In-hospital complications and length of hospital stay for both groups
of patients are shown in Table 3
. There were no deaths,
emergency CABG, or abrupt closure in either group. One patient in the
stent group suffered a Q-wave myocardial infarction. Subacute occlusion
occurred in 3 patients (9%) at 4 and 5 days after stent placement.
These 3 patients were successfully treated with intravenous
streptokinase. Although 1 patient sustained a Q-wave myocardial
infarction, repeat coronary arteriography before hospital discharge
demonstrated a patent vessel in each of these 3 patients. Vascular
complications occurred in 7 of 33 patients (21.2%) of the stent group.
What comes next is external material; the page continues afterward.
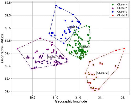 According to the obtained clusters, the water consumption objects were plotted on a coordinate grid, which allowed visualising groups of consumers by their geographical location. To draw the boundaries, the convex hull algorithm from the ConvexHull class of the SciPy library was used to connect the points defining the outer boundaries. This approach clearly marked the territorial boundaries of the clusters (Figure 6). It should be noted that the allocation of four clusters turned out to be justified not only from the point of view of spatial optimality of their location on the map, but also from the point of view of the boundaries of the pipeline network service areas. For example, cluster No. 1, which is located near the Southwest water intake, is predominantly situated in the south-western part of the city of Gomel and covers residential and industrial areas of the Sovetsky district with socially developed infrastructure. The classification of water consumers is distinguished by an increased number of health care and educational institutions, indicating the active use of the selected zone for both residential and industrial needs. This group included 27.4% of the total number of water consumers considered.

They included 4 pseudoaneurysms (12.1%), 2 arteriovenous fistulas
(6%), and 1 retroperitoneal bleeding episode (3%). Length of hospital
stay was 7.3±1 days for the stent group and 2.4±0.5 days for the
control group (P<.01).
|
Angiographic Restenosis
The incidence of late angiographic
restenosis for the overall
group was 48.4% (32/66). As shown in Table 4
and the
Figure
, restenosis was significantly greater in group 2
than in group 1 (75.7% [25/33] versus 21.2% [7/33],
P<.001). Asymptomatic patients had repeat coronary
angiography of the target artery 3 to 4 months after intervention. The
time of follow-up angiography was determined by the recurrence of
symptoms. Seventeen patients in the control group had recurrence of
angina or had a positive stress test between 1 and 2 months after PTCA.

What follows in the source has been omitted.